Lamott offers excellent insight into dealing with the overwhelming burden of being successful in our endeavors. One early chapter in particular is dedicated to breaking the process of writing down into short assignments. Lamott offers us the approach of simply starting with writing what you can see through a small picture frame. Another particularly perfect passage from this chapter is actually a quote: “E. L. Doctorow once said that ‘writing a novel is like driving a car at night. You can see only as far as your headlights, but you can make the whole trip that way.'” (Lamott, 18).
I really loved this quote in as far as it applies to the business of arboriculture too, and not just writing. It illuminates the necessity of focusing on the immediate things that we can see in order to guide us. I can appreciate this sentiment as it to the bare field work as well: tree inspections, climbing, rigging and even working hazardous situations. Many of those situations remind me of driving in the dark, not being able to see too far ahead. Careful and aware though, many times when we know what we’re looking for, we don’t pass the exit. Of course, there is always uncertainty crouching up ahead, and we need to be constantly scanning the ever important horizon for a pothole in the road, or a bounding deer from the bushes beside the road-a girdling root, vascular staining, leaf drop or marginal necrosis or included bark. It’s about having the capabilities to react, rooted in the process of just simply driving, observing and reacting to the immediate things we come into contact with.

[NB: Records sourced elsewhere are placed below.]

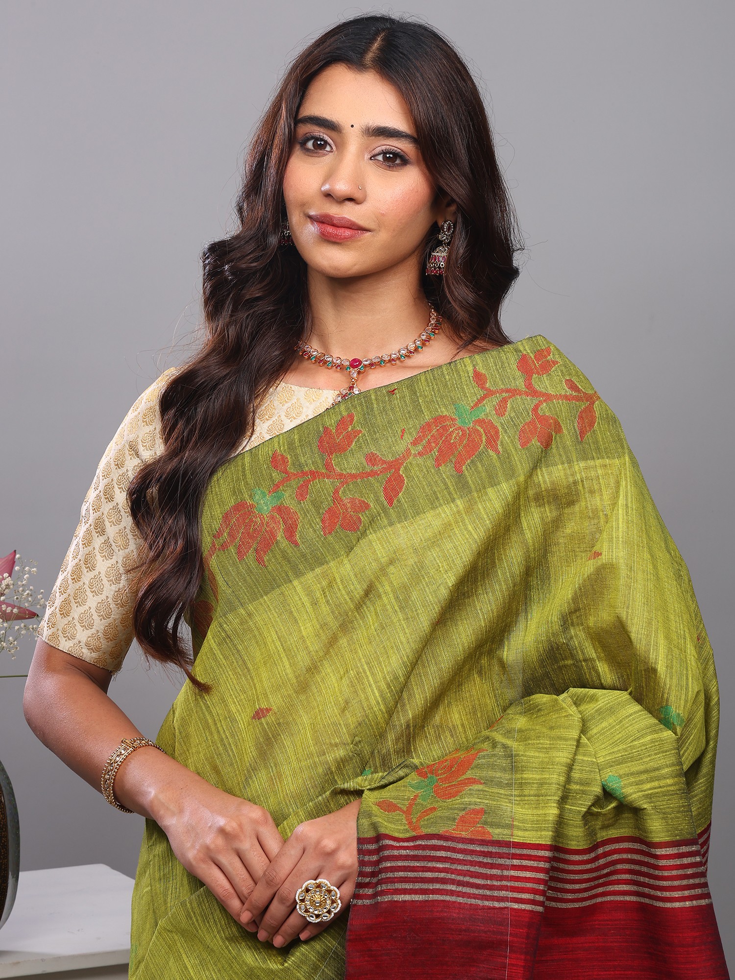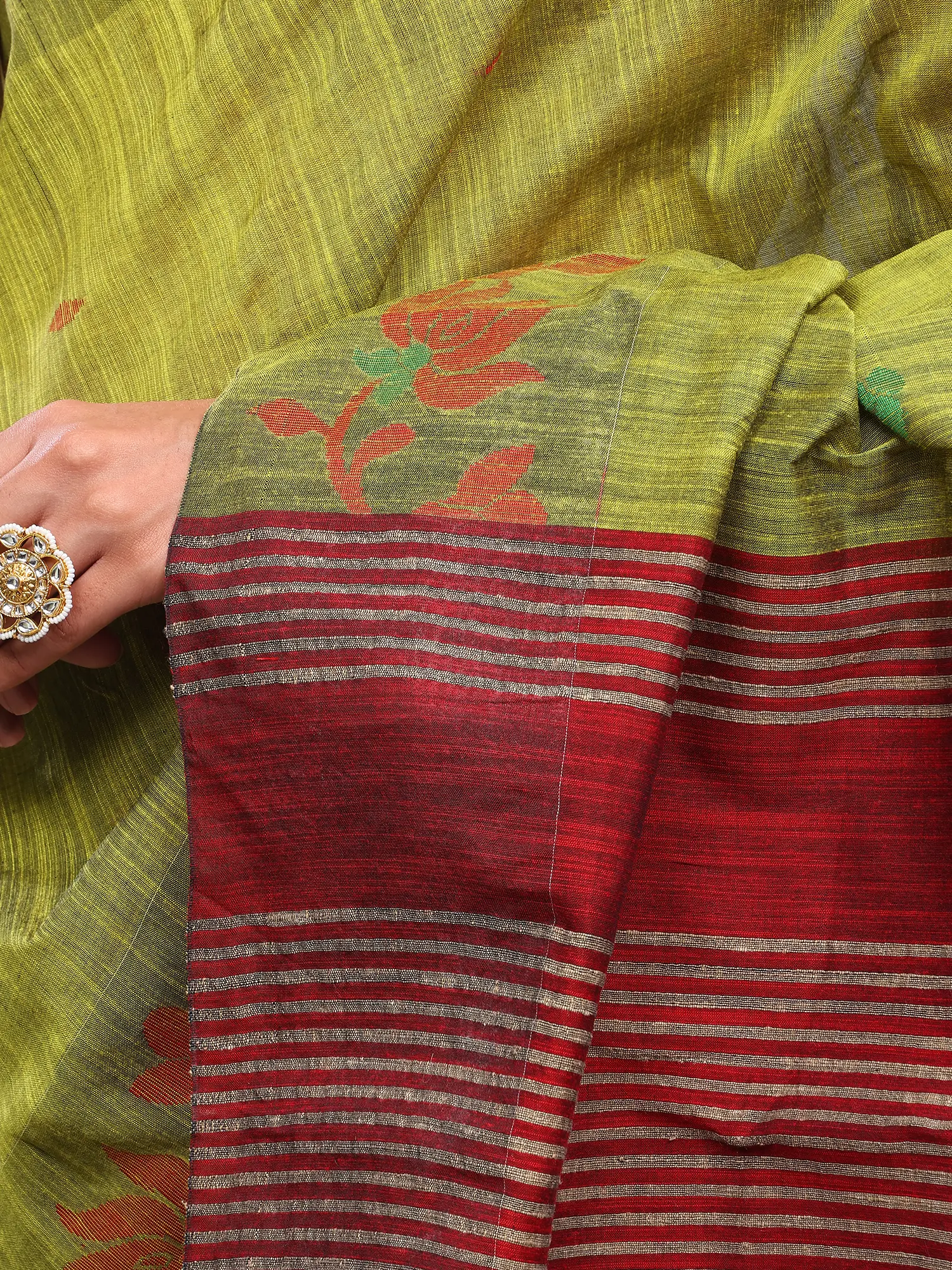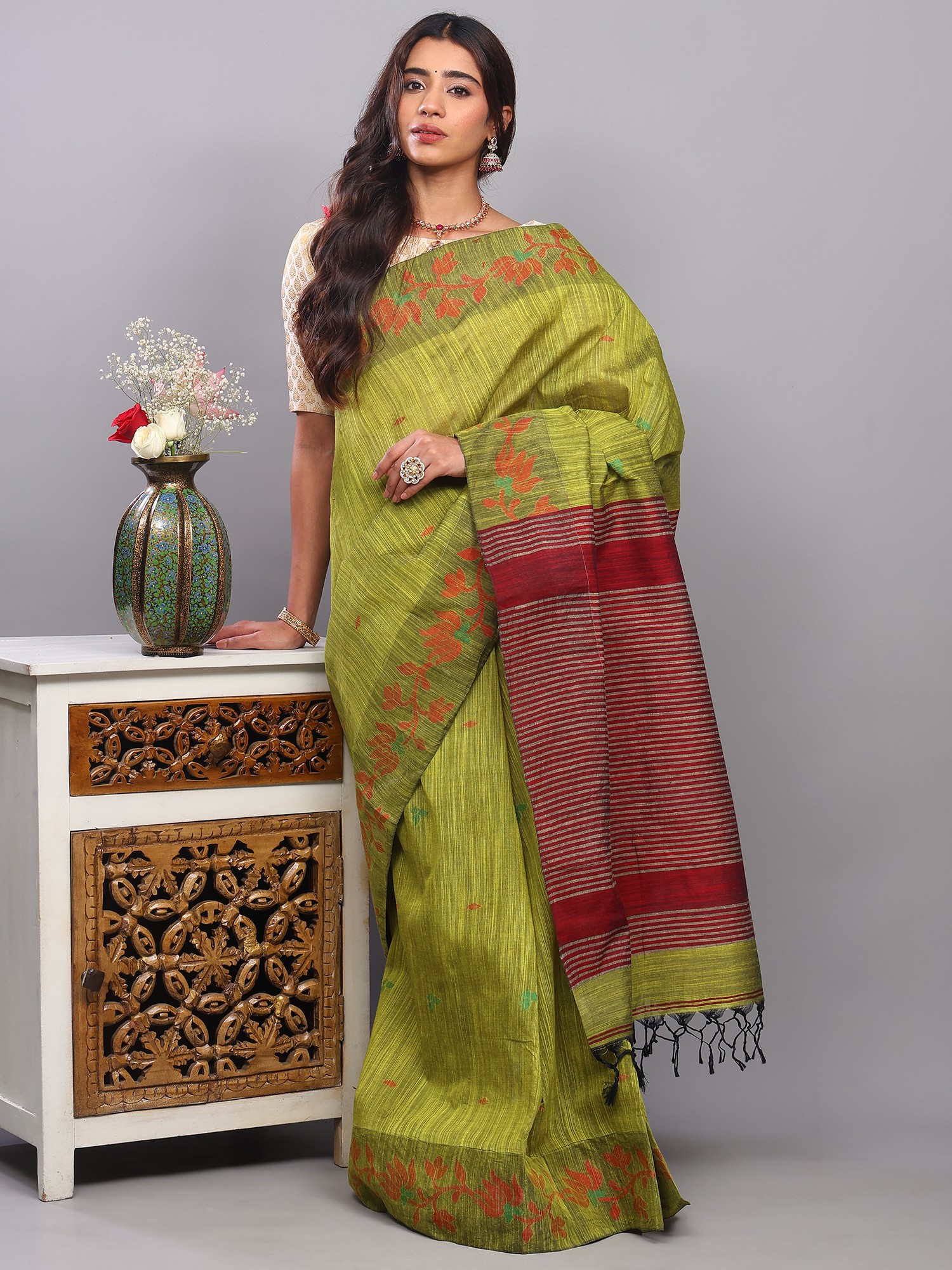 Adorning the body of the saree are delicate, scattered floral motifs in warm orange and red. These charming embellishments are woven with precision, appearing as if they've bloomed organically across the fabric. The true showstopper, however, is the striking border. A broad band of rich red stripes, interspersed with fine metallic threads, creates a dynamic contrast against the green. This bold yet sophisticated border is further accentuated by a generous fringe of black tassels, lending a touch of playful sophistication.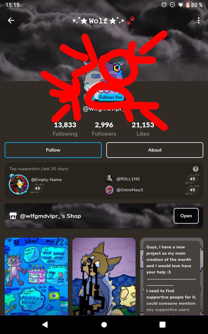 W Purple Samuel for using some of my artwork for your group :)! ( W = winner)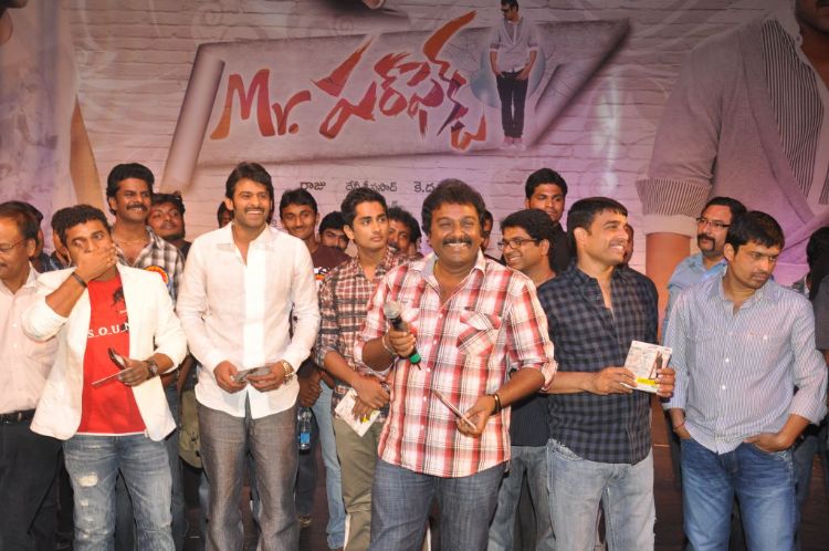 Prabhas starrer film Mr.Perfect audio launch was held at CBIT campus, Hyderabad on Saturday. Actors Siddharth, Navdeep, director VV Vinayak, Singer Baba Sehgal, Music director Devi Sri Prasad, Producer DIl Raju attended the event.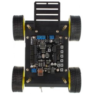 - La plataforma integra los elementos necesarios para programar: Seguidor de Linea, Sensor de luz ambiente, luces LED, Sensor de ultrasonido, Buzzer, interface I2C, Tornillos de expansión y mucho más.

Writing is in fact very similar to arboriculture in that sense: one word at a time, one tree at a time. But in this process of cultivating a culture of what I’ll term high-volume arboriculture, we need to have the endurance to withstand it, in order to not strain the system. Endurance is one trait that I truly believe in. I think it is so very important to any artisan that is after some sense of mastery. And also I believe that endurance is the true ticket to success-in writing, in business, in arboriculture. Without it, we just get passed by on the side of the trail, sucking wind and out of gas.

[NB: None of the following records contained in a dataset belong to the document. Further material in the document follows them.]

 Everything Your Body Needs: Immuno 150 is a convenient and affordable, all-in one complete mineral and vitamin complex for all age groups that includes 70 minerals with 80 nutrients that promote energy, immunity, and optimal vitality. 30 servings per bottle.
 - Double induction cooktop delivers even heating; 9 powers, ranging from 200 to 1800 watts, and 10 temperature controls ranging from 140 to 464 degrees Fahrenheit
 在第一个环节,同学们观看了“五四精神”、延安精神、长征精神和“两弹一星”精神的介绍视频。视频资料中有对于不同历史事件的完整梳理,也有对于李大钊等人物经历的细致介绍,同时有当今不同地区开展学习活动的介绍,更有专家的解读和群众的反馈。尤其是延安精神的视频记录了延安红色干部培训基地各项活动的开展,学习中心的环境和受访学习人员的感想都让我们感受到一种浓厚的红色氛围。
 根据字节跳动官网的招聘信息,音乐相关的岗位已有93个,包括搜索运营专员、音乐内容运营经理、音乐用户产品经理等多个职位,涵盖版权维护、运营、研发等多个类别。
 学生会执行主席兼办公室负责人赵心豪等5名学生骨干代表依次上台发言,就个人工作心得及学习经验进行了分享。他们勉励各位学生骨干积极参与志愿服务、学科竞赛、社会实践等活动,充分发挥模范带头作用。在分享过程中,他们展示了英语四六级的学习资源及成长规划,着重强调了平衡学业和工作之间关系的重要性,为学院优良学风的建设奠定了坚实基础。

Endurace is in some sense just a cultivation of the process of the things we love to do. In another text I’ve gotten my hands on, The Uphill Athlete by authors Steve House, Scott Johnston and Kilian Jornet, Jornet writes an autobiographical essay titled The Roots of My Athleticism. Jornet is by any reasonable consideration a glowing example of a successful endurance athlete. In his essay he shares that endurance and moving through the landscape through running and skiing and biking was just the culture in which he lived. It was a life passed down to him from his parents. At three Jornet was doing 3,000 metre peaks. At ten, a forty day journey across the Pyrenees. He went on to study anatomy and human physiology at Font-Romeu in France. It’s no wonder he is one of the great modern endurance athletes. He has put in long, hard hours. He admits of himself, “With both book learning and learning from my coaches, I built up the knowledge that allows me to understand the expected effect on my body that will result from every training day. I understand why I can go long easily. Why I recover well. I’ve been a student of myself, my own reaction to training, as well as the science,” (Jornet, 72).
So then endurance is not so much a race as it is an exploration. As Jornet is described in a note from the editor, “he conceives of sport as a way to discover the landscape both inside and outside himself,” (67). That feeling is certainly mutual.

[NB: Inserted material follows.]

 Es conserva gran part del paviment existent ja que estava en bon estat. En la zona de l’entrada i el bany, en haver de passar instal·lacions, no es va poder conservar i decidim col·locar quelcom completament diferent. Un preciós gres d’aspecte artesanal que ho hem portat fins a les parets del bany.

I love arboriculture for that same basic reason. It is, in fact, a great way to discover the landscape both inside and outside ourselves. This is the great challenge, of course. It offers that chance to push both physical and mental boundaries. And not only does it provide a path towards better understanding ourselves, but other as well. By enduring those long sessions of climbing, or stump grinding, or just dragging that brush, we are becoming ever more efficient in blending the landscape of ourself with the landscape that we work in.
Breath by breath, bird by bird, tree by tree. It’s all that hard work that pays off.